Your Morning News...Fresh or Stale?

Sunday, March 28, 2010


Today our news comes from a vast number of directions and alarmingly fast. Journalists and newspapers are constantly challenged with selling what is elsewhere available for free. How we receive our information and news is widely available to everyone and journalists, once again, are struggling to sell the news--at least to people under the age of fifty-five. Editors and news directors feel the angst of the growing and continued population of the Internet. They now see the huge threat the Web represents to the way they distribute their product.


The days of getting your news and information from the newspaper are long gone. More often than not, by the time a story has been printed on the front page of your paper, it has been blasted online for many hours. It is often old news at that point. Many papers and journalists, while slow to this conclusion, have learned that they not only need to report the news but to offer other layers. These layers are often opinions, analysis, points of view, and interpretation. Is it finally time to sell something more than just the news?


In the days when the latest news was available to anyone who chatted in the street or at church or the supermarket provided mostly opinion--the something extra above just the news. The growth of cities and the development of weekly papers encouraged the development of the sale of news and mass production.
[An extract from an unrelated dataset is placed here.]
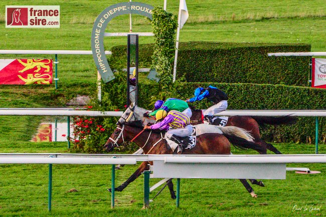 Ulysse des Loucas remporte, lui aussi, son 1er Grand Cross. 3ème de cette épreuve l'an dernier, avant de gagner sur le cross de Saumur 3 mois après, et finir 2e, 15 jours plus tard, il a effectué sa rentrée le 4 août, dans le Grand Cross de Granville. Ayant fait beaucoup d'efforts sur certains obstacles, il avait été arrêté. Cette sortie lui aura permis de faire un bon boulot, 3 semaines avant ce Grand Cross de Dieppe, et ainsi, vaincre, même si Olivier Jouin, qui le découvrait pour l'occasion, a dû "l'astiquer un peu en début de parcours, un peu nonchalant, galopant la tête basse, il faut le mettre un peu aux ordres, Monsieur..." Olivier Jouin traverse une période faste, car il remporte ce Grand Cross de Dieppe seulement 2 jours après sa victoire dans le Grand Steeple-Chase de Waregem.

This has lasted more than a hundred years.


If journalism is to move past just selling widely available, cheap, staler-than your morning coffee news--they must choose to impart of a ear piercing word--wisdom. Mainstream journalists are making a big mistake if they continue to believe that their ability to collect and organize information will continue to make them indispensable.


4 comments:

Staci Mead March 29, 2010 at 1:10 PM  

Good post! This is an interesting theory and very timely. Even the news we read on the Internet sometimes is old and stale. Sometimes a fresh pair of eyes would be a good thing, or looking at something for a different angle. That is another benefit of the internet, being able to access more than one news source so you can get varied points of view.

Courtney Glienke March 29, 2010 at 4:32 PM  

The industry is also making a huge mistake if they think they can ignore the internet entirely. Journalists need to stop viewing the Web as a threat, and start viewing it as a resource.

Meredith Jinks March 30, 2010 at 7:37 AM  

One size fits all does not work for news. People want to receive news in the way that works best for them. There are still many people who subscribe to the daily newspaper. Many people now receive their news exclusively from the internet. It is important for news outlets to reach people where they are, be that TV, radio, online, or through a traditional newspaper. Not being in all those places, means missing a viable audience.